**DIRECTIONS**:
An exact repeat is needed of the lines from the one with "경감세액(할인금액)을 확인한 후, 아래에 보이는 신청 버튼을 눌러줍니다." through the last line of the data below. Please omit the pictures.

====== DATA BELOW ======

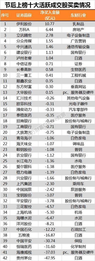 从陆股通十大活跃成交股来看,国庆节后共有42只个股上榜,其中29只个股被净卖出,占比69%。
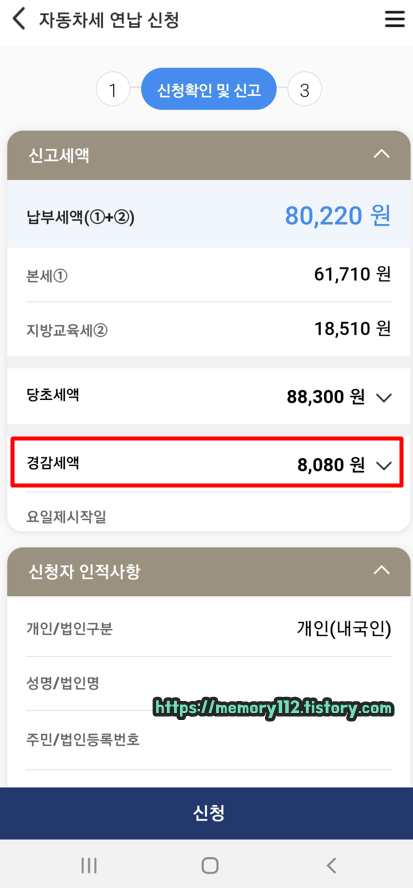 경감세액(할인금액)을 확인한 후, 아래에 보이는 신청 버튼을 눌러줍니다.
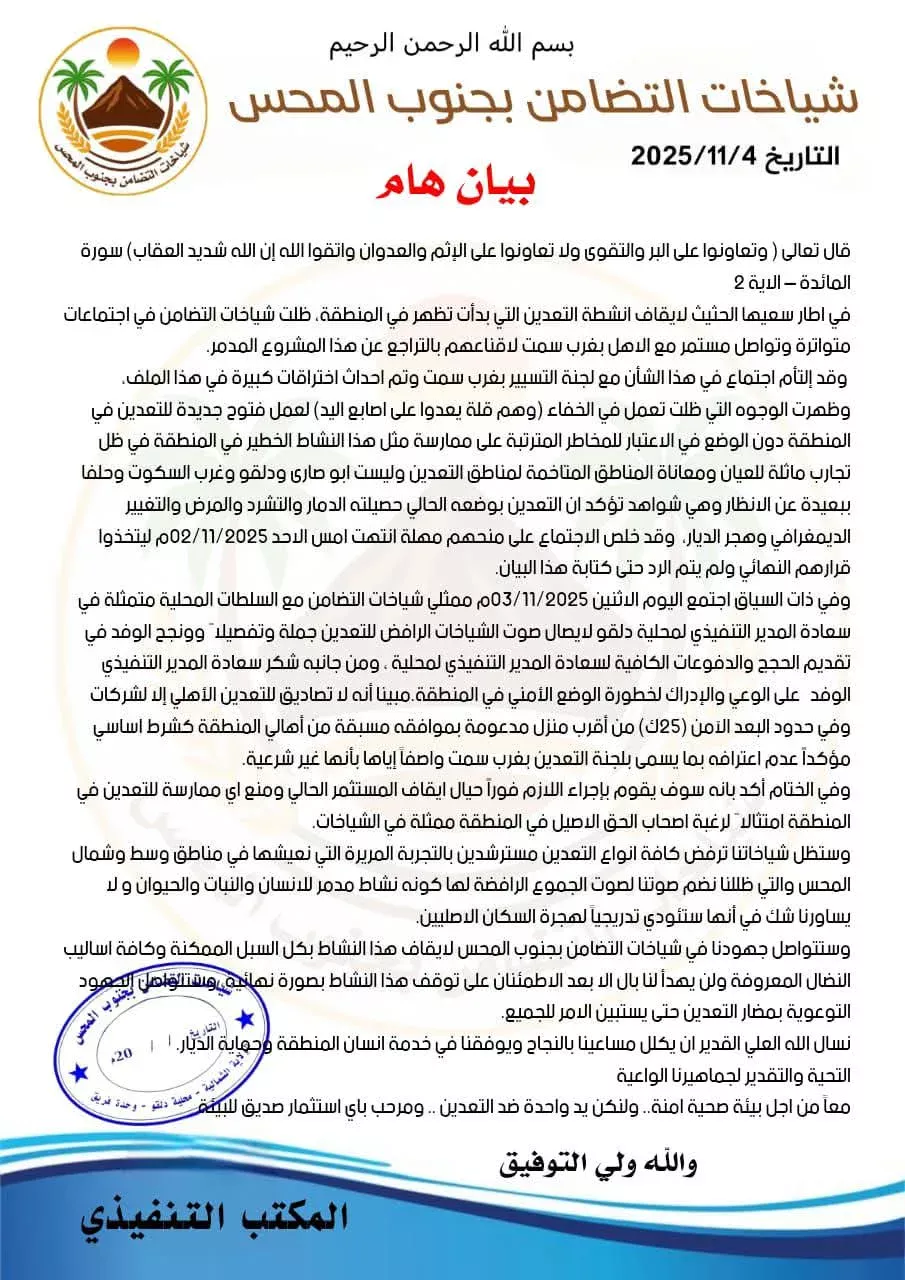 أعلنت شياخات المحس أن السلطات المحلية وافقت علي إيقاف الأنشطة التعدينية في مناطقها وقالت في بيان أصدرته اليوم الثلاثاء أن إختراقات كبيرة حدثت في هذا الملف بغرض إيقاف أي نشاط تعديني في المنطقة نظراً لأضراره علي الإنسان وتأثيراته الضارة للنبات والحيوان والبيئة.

======

**SOLUTION FOR THIS TASK**:
 경감세액(할인금액)을 확인한 후, 아래에 보이는 신청 버튼을 눌러줍니다.
 أعلنت شياخات المحس أن السلطات المحلية وافقت علي إيقاف الأنشطة التعدينية في مناطقها وقالت في بيان أصدرته اليوم الثلاثاء أن إختراقات كبيرة حدثت في هذا الملف بغرض إيقاف أي نشاط تعديني في المنطقة نظراً لأضراره علي الإنسان وتأثيراته الضارة للنبات والحيوان والبيئة.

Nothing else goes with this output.